There are so many layers to a Trump attack that trying to make sense of one layer can obscure the others. Does it matter, for example, that the Obamas invited General Kelly and his wife to a White House breakfast for Gold Star families a couple of months after Robert’s death, seating them at Michelle’s table? Or that Robert had a wife, Heather, who would have been his next of kin and thus might have been contacted, too? Robert died during an intense period in the war in Afghanistan, when it might, logistically, have been difficult to have the President immediately call each family. Should the Kellys have been given special treatment because the General was a general? Does it matter that Trump, who claimed that he had called all, or “virtually” all the families of those who have died during his Presidency, seems, according to the A.P., to have missed a few? (One father who did receive a call told the Washington Post that Trump offered him twenty-five thousand dollars but never followed through; the White House says that the check has now gone out.)
Maybe none of that matters—not even the comments that Skip and Rhonda Rollins made to CNN when they encountered the Obamas on Veterans Day, in 2009, during an unannounced trip that the Obamas made to Section 60 of Arlington National Cemetery, where many of the dead from the wars in Iraq and Afghanistan are buried. The Rollinses were there to visit the grave of their son, Justin, who had died in Iraq in 2007, at the age of twenty-five, and Skip Rollins said that, even though he didn’t agree with President Obama politically, he and his wife were moved by the gesture.

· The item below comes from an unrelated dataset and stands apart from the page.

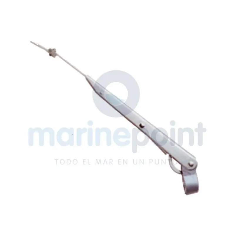 The adjustable windshield wiper arm has been developed to offer flexibility and durability in marine environments. Its adjustment range from 356 to 508mm allows adaptation to different windshields, providing effective cleaning regardless of boat model.

Why tally that at all? There is something dirty about a bragging contest built around comparative compassion; it is unseemly and un-Presidential. But the truth matters, and, with Trump, one needs to be alert to both the fine print and the big lie.
One needs, also, to return to the evaded questions. Does the Trump Administration have a coherent account of what happened in Niger, and an explanation of what might happen with the deployment of troops there? Does Trump understand how many people may die in the wars he casually talks about starting? Would he make all the phone calls then? More than that, does he accept that the deaths, for the troops’ families, have meanings that have nothing to do with him?